The company’s share price closed at $29.22 Friday, a gain of 16 cents on the day.

Entergy Takes Hit from Grand Gulf

Entergy (NYSE:ETR) on Thursday reported earnings of $106 million ($0.51/share) for the quarter and $1.1 billion ($5.37/share) for the year. That compared to $259 million ($1.28/share) for 2021’s fourth quarter and $1.12 billion ($5.54/share) for the year.

The results included a $551 million charge, $413 million after tax, for System Energy Resources Inc. (SERI), the Entergy subsidiary that owns the Grand Gulf Nuclear Station in Mississippi. FERC in December issued two orders involving the plant’s customer rate impacts. The orders addressed a series of uncertain tax positions that SERI took.

The New Orleans-based company has begun issuing refunds to ratepayers. It reached a $300 million settlement with the Mississippi Public Service Commission last June.

“We still believe that a global settlement with the remaining retail regulators on terms similar to the agreement with the MPSC would be in the best interest of all parties,” Entergy CEO Drew Marsh told financial analysts during the quarterly conference call. “It would resolve disruptive litigation uncertainty for SERI and our stakeholders, including our regulators, accelerate meaningful value to customers, avoid costly and unnecessary third-party litigation fees and allow all parties to move forward with fewer distractions.”

Entergy’s earnings exceeded Zacks Investment Research projections of $0.45/share. Entergy’s share price ended the week at $109.42, up $1.87 from Wednesday’s close.

FERC Denies RENEW Northeast Complaint

FERC on Thursday dismissed a complaint from RENEW Northeast that had alleged that ISO-NE has “undue preference” for gas generators in its capacity accreditation and operating reserve rules (EL22-42).

The complaint from March of last year argued that ISO-NE doesn’t adequately take into account the uncertainty of natural gas supply in the region, particularly in winter, and that it therefore harms almost every other type of generation. (See Renewable Groups Challenge Gas ‘Preference’ in ISO-NE Rules.)

The complaint has been closely watched in New England, and FERC received many comments on both sides of the argument.

Ultimately, the commission found that RENEW failed to meet its burden under Section 206 of the Federal Power Act to show that the existing tariff is unjust and unreasonable.

Specifically, FERC wrote in its dismissal order that RENEW “failed to establish that gas-only resources are not similarly situated to generators with fuel on site.”

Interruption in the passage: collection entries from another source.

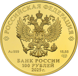 На лицевой стороне монет расположено рельефное изображение Государственного герба Российской Федерации, имеются надписи: «РОССИЙСКАЯ ФЕДЕРАЦИЯ», «БАНК РОССИИ», номинал монет «3 РУБЛЯ», «100 РУБЛЕЙ», дата «2025 г.», обозначение металла по Периодической системе элементов
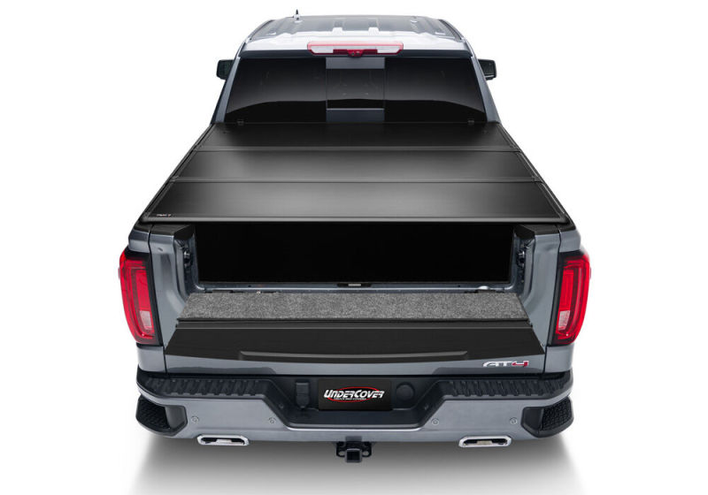 The TRIAD by UnderCover is a hard-folding truck bed cover featuring matte black panels for a sleek and innovative addition to your truck bed. Integrated perimeter seals protect your truck bed from the elements, while aluminum panels enhance the security of your truck bed and support up to 600 lbs of evenly distributed weight. The TRIAD has 2 available riding positions in the fully closed and 2/3 open position for convenience to haul and manage most any cargo. The TRIAD is fashioned with easy-to-use tailgate clamps allowing quick access to the truck bed. The TRIAD hard-folding cover comes completely assembled to provide a quick and easy installation and backed by a 3-year warranty.
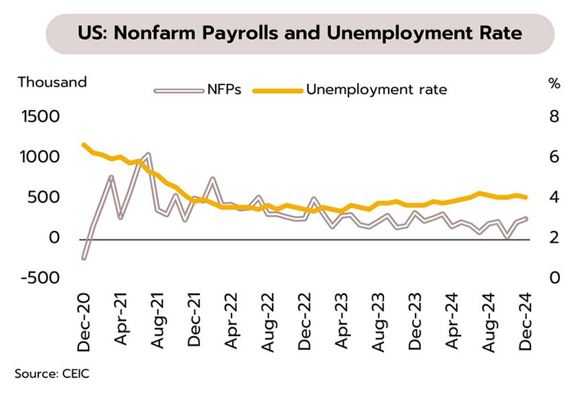 แม้ตัวเลขเศรษฐกิจและการจ้างงานยังแข็งแกร่ง แต่สหรัฐฯ ยังมีความเสี่ยงขาลงจากผลของดอกเบี้ยที่สูงและความไม่แน่นอนจากนโยบายทรัมป์ ในเดือนธันวาคม การจ้างงานนอกภาคเกษตรเพิ่มขึ้นจาก 212,000 ตำแหน่ง ในเดือนพฤศจิกายน สู่ 256,000 ตำแหน่ง ส่วนอัตราการว่างงานปรับลดลงจาก 4.2% สู่ระดับ 4.1% สอดคล้องกับตัวเลขเปิดรับสมัครงานที่ปรับเพิ่มขึ้นสู่ระดับ 8.09 ล้านตำแหน่ง มากสุดในรอบ 5 เดือน สะท้อนภาพรวมตลาดแรงงานที่ยังคงแข็งแกร่ง ขณะที่ดัชนี ISM ภาคบริการขยับเพิ่มขึ้นมากกว่าคาดจาก 52.1 มาอยู่ที่ 54.1 อย่างไรก็ตาม ดัชนีความเชื่อมั่นผู้บริโภคลดลงจาก 74 ในเดือนธันวาคม สู่ระดับ 73.2 ในเดือนมกราคม
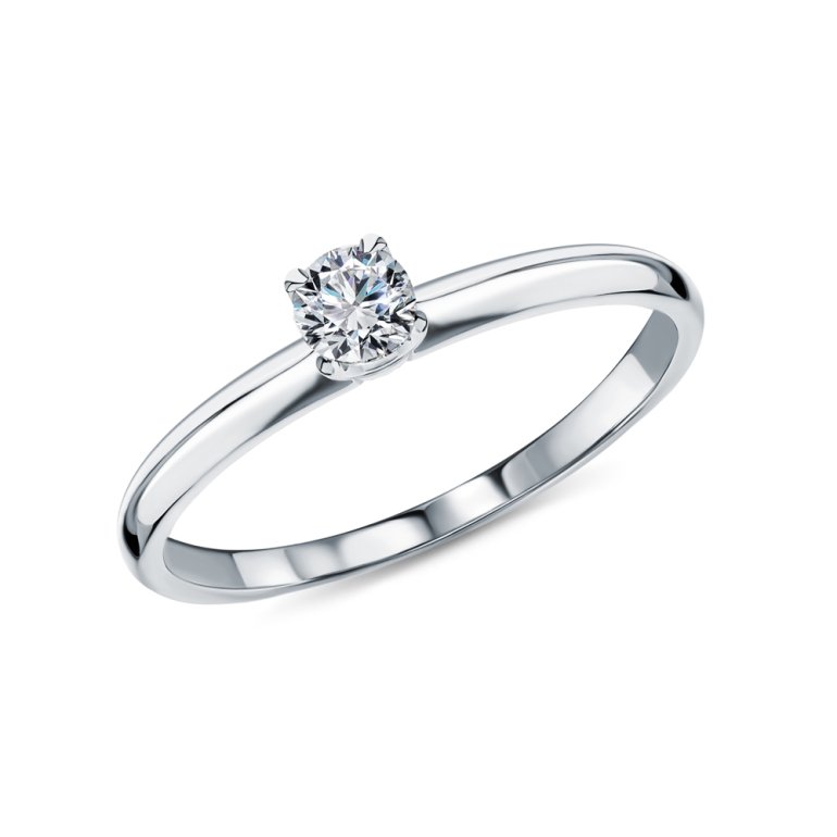 Кольцо с 1 бриллиантом природным, 0.23 карат, огранка круг 57 граней, цвет 3, чистота 6, тип огранки А; Белое золото 585 пробы.
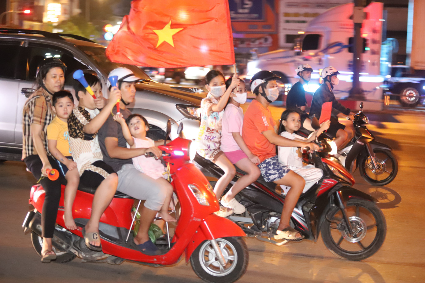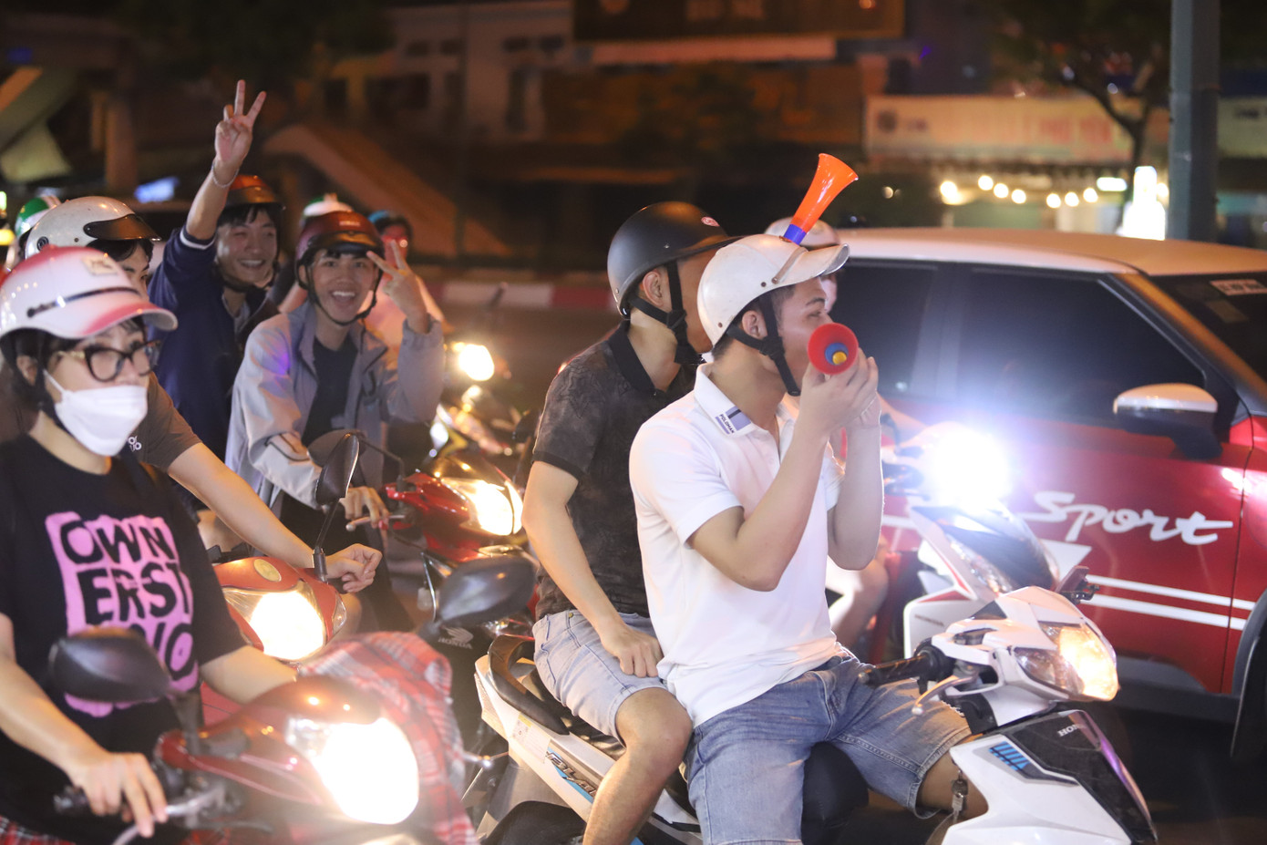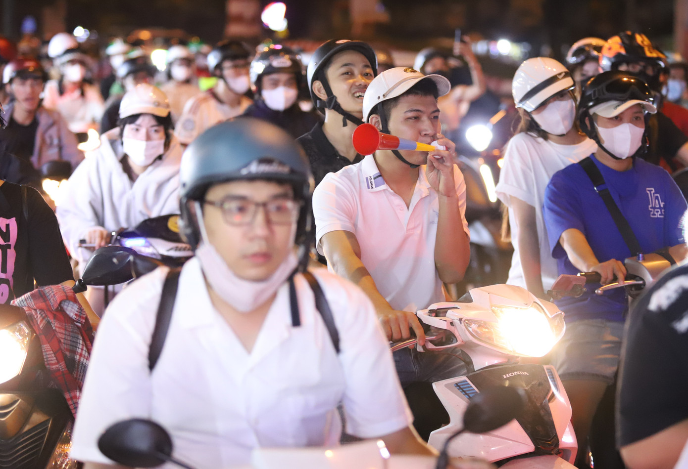 Trong không khí nô nức, háo hức, người dân tay cầm cờ đỏ sao vàng và huýt còi vang dội hết sức sôi động.
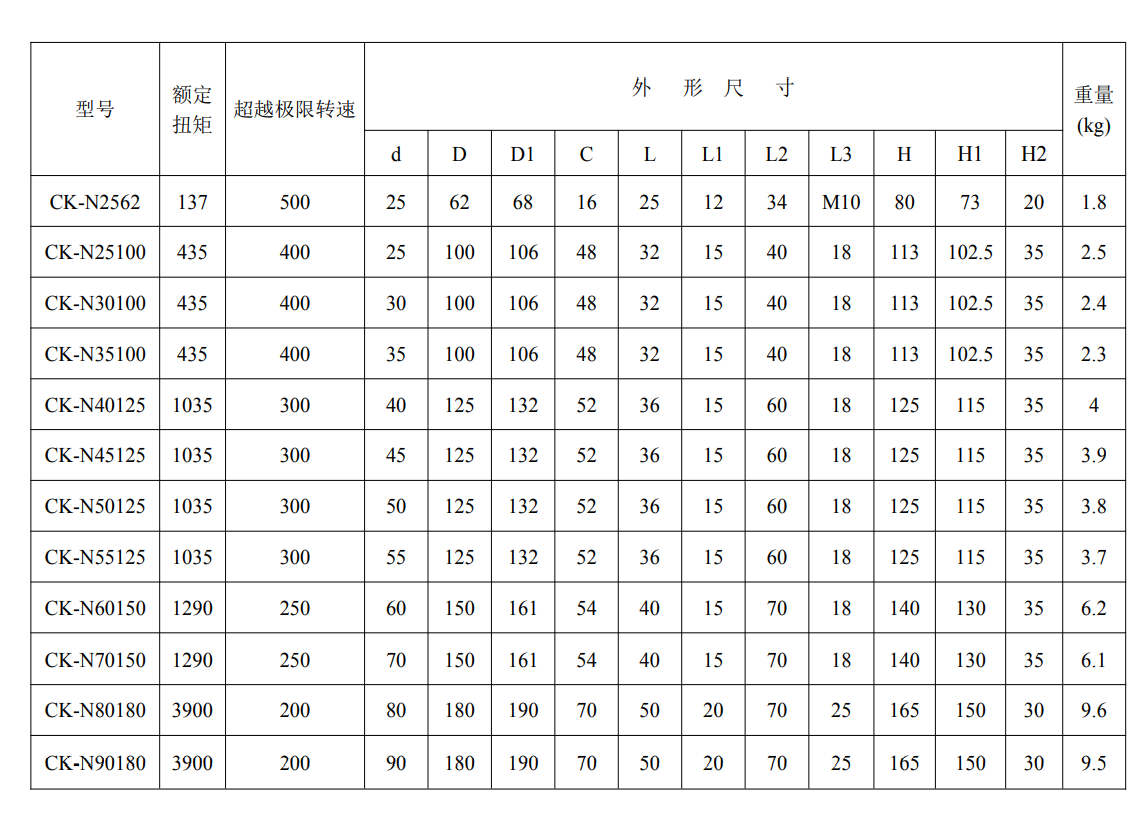 特性及應(yīng)用:CK-N 系列為無(wú)不含油封無(wú)軸承支撐的楔塊式單向離合器,適用于低運(yùn)轉(zhuǎn)速度,安裝時(shí), 螺栓與擺桿槽孔的間隙為槽孔的 1%寬度,擺桿與離合器在安裝后*可有內(nèi)應(yīng)力存在(安裝時(shí)螺栓 不可將扭力臂軸向鎖住,徑向也要留有間隙,使得沒(méi)有彎曲應(yīng)力施加于軸承及擺桿上)。 CK-N 系列主要應(yīng)用于包裝、印刷設(shè)備上的防止逆轉(zhuǎn),定位給料;可在*小的空間內(nèi)提供較大的扭 矩。
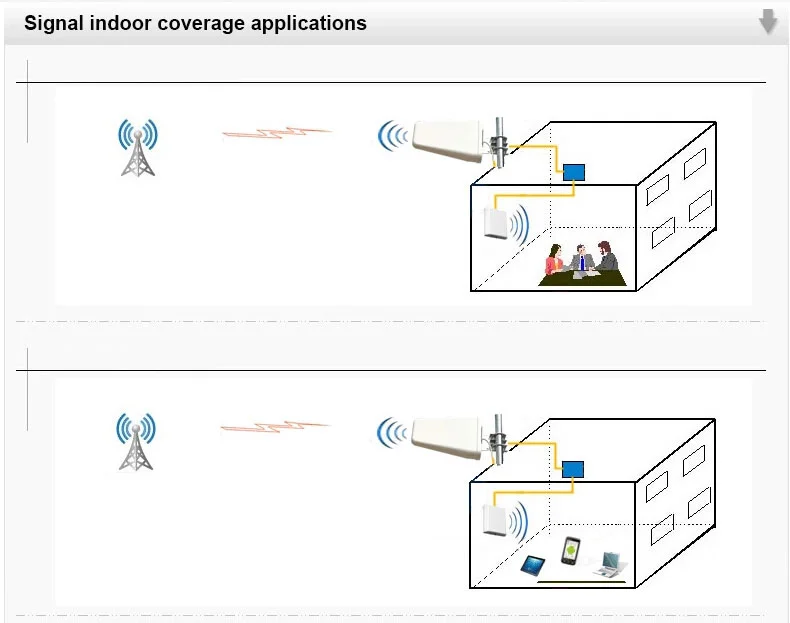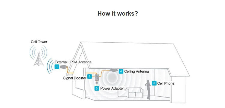•The outside antenna catches low signal from operator servicer’s base station and delivers it to cell phone repeater through the connection cable (coax).
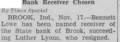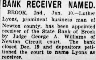 BANK RECEIVER NAMED. BROOK, Ind., Jan. 10.-Luther Lyons, prominent business man of Newton has been appointed receiver the State Bank of Brook by Judge George Williams of Newton Circuit court The bank closed Dec. 19 and petitioned the court to name Lyons as receiver.
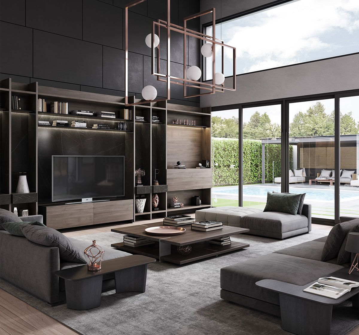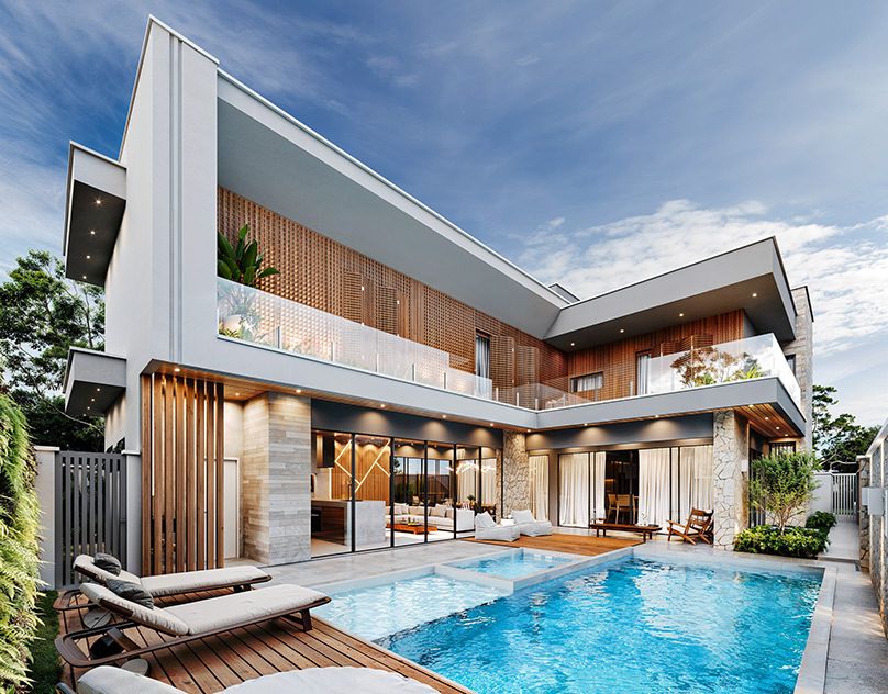 Các thiết kế biệt thự hiện đại 2025 thường mở rộng tối đa tầm nhìn với hệ cửa kính lớn, sân vườn liên tiếp trực tiếp với phòng khách, bếp và hồ bơi. Đây là cách tạo ra trải nghiệm sống gần gũi thiên nhiên mà vẫn đảm bảo riêng tư.
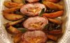 Затем мясо вынуть из маринада и пожарить на хорошо разогретой сковороде по 10 минут с каждой стороны, после чего вынуть, нарезать ломтиками и выложить на блюдо. В той же сковороде тем временем на малом огне обжарить на растительном масле порезанные ломтиками овощи, жарить в течение 10 минут, постоянно перемешивая, а затем готовые овощи выложить к мясу.
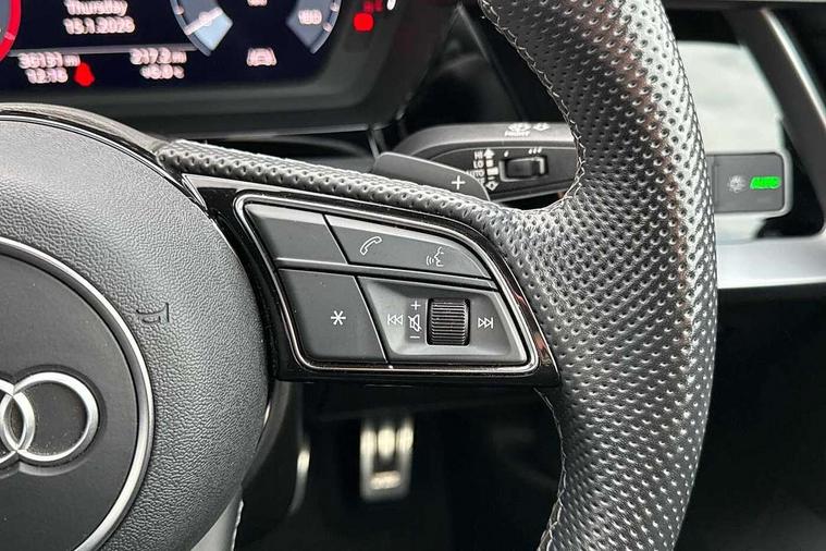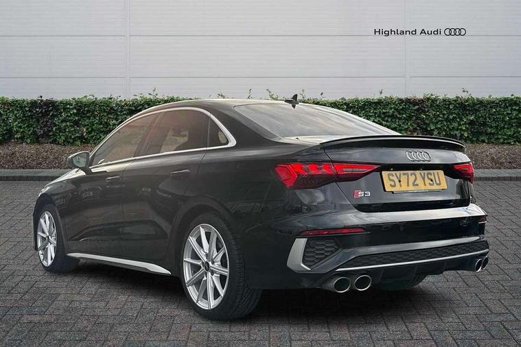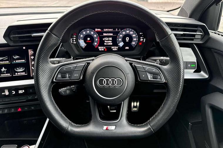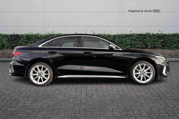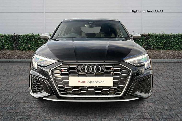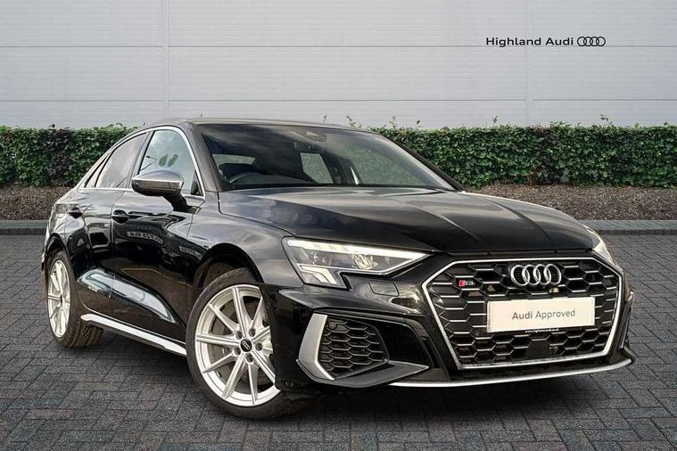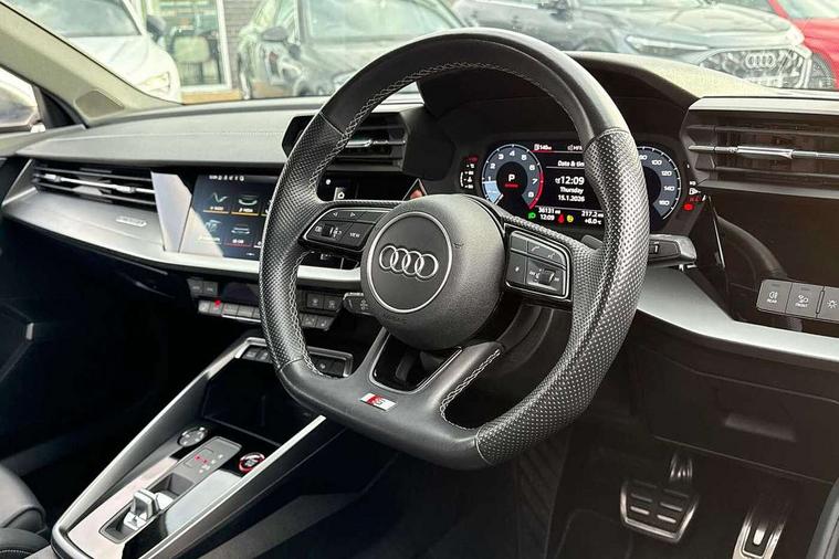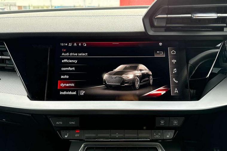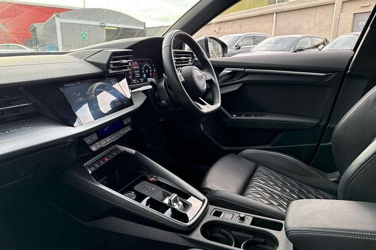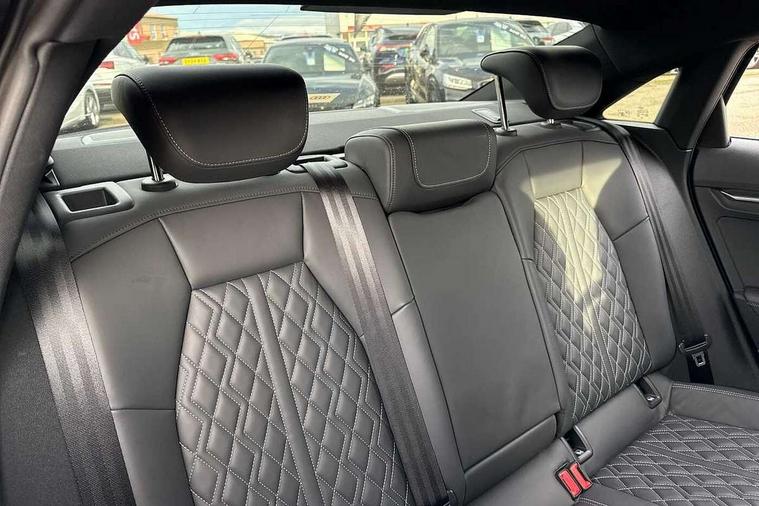 Audi connect emergency call and service, Audi drive select (Auto, Comfort, Dynamic, Efficiency and Individual), Audi smartphone interface, Audi Virtual Cockpit - 10.25" digital and colour instrument cluster, Automatic start/stop system with recuperation, Bluetooth interface, Collision avoidance assistant, Lane departure warning system, MMI Navigation Plus with high resolution 10.1" colour touch screen display, Progressive steering, Service indicator, Voice control system with natural language interaction, Quattro permanent all wheel drive, S sport suspension with spring damper adjustment and lowering by 15mm, 2x USB Type C ports (for charging and data transfer), 6 passive loudspeakers, CD player, DAB Digital radio, 3rd brake light, Acoustic glass windscreen, Audi Beam uses LEDs to project the Audi logo onto the ground as you exit your S3, Auto dimming frameless rear view mirror, Electrically adjustable/heated/folding/auto dimming door mirrors with integrated LED indications + kerb view function for passenger side, Front electric windows, Headlight washers, Illuminated door sills with aluminium inserts at the front with S logo, LED daytime running lights, LED headlights with LED rear lights and dynamic rear indicators, Light and rain sensors, Model and engine designation badges at rear, Privacy glass - dark tinted rear window, rear door and side windows, Rear boot, Rear electric windows, Rear side wing doors, 12V socket and storage compartment in front centre console, 3 seat bench in 2nd row, 40/20/40 split folding rear seat bench with cupholder, Black cloth headlining, Dual zone electronic climate control, Front and rear centre armrest in leather, Front and rear headrests, Front/rear floor mats, Heated front seats, Height and reach adjustable steering wheel, Illuminated vanity mirror, Interior lighting - glove compartment light and right hand side, Luggage compartment floor covering, Single front passenger seat, Stainless steel pedals and front footrest in black, Body styling design pack - S3, LED interior lighting pack - A3 Saloon, Storage pack - A3/S3 Saloon, 3x3 point rear seat belts, Driver and front passenger airbag with passenger airbag deactivation, Electronic Stabilisation Control (ESC) including ABS, ASR and EDL, First aid kit with warning triangle and 2 safety vests, Front side airbags with head airbags and interaction airbag, Hill hold assist, Pre-sense front with pedestrian and cyclist detection, Seatbelt monitoring, Tyre pressure loss indicator, Anti theft alarm, Anti-theft wheel bolts, Electronically operated child locks, Immobiliser, Remote control central locking, Aluminium air vent surrounds, Aluminium trim elements, Dark spectrum aluminium inlays, accent surfaces in the dashboard and centre console in platinum grey silk effect paint finish,
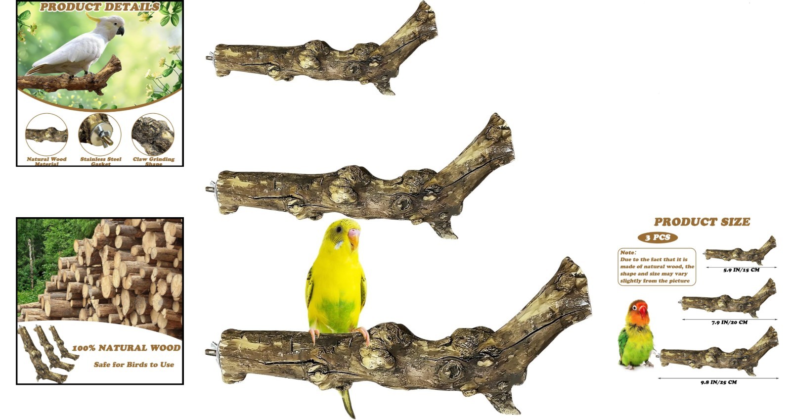 3-Pack Natural Wood Bird Perches - Safe Chewing and Climbing Essentials
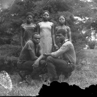312. EAP054/1/152/312 Reference (shelfmark): EAP054/1/152/312 Title: Recreational photograph [c 1976] Scope & Content: 3 young women standing behind 2 young men crouching. Damaged Format of original: 59mm x 59mm plastic negative Collection Area: Endangered Archives Programme Languages: Not applicable Date Range: c 1976 Extent: 1 TIFF image

As for the complaint’s points on operating reserves, FERC noted that, contrary to what RENEW claimed, the ISO-NE tariff doesn’t require any resource to “have a known and measurable fuel supply and verifiable means of delivering upon real time dispatch.”

But in dismissing the complaint, FERC also called on ISO-NE to step up.

“We urge prompt action by ISO-NE on reforms, including capacity accreditation if deemed appropriate, to address these reliability concerns,” the commission wrote, adding that it is planning another forum on winter reliability issues in New England for June.

ISO-NE spokesperson Matt Kakley emphasized that the grid operator is continuing to work on updating its capacity accreditation rules through the stakeholder process.

“We’re pleased that FERC dismissed this complaint. To date, the region’s markets, including the capacity market, have achieved their primary reliability objective, but an overhaul of the capacity accreditation process is critically important as the region transitions to the future grid,” he said in a statement.

“To that end, ISO New England and stakeholders have been working on this issue for more than a year, with plans to file a proposal with FERC later this year. With this complaint formally dismissed, ISO New England and others can now engage with FERC commissioners and staff, benefiting from their views and expertise as the region navigates this important process.”

Clements’ Concurrence

Commissioner Allison Clements went a step further than the rest of the commission. In a forceful concurrence, she wrote that she believes the ISO-NE tariff is in fact unjust and unreasonable, even though the commission had to dismiss RENEW’s complaint because of what she called a “pleading error.” And she called on FERC to take action itself.

“In the face of clear evidence that ISO-NE’s rules fail to ensure the supply of resources when they are most needed, in my view the commission has a duty to take action to ensure grid reliability,” Clements wrote.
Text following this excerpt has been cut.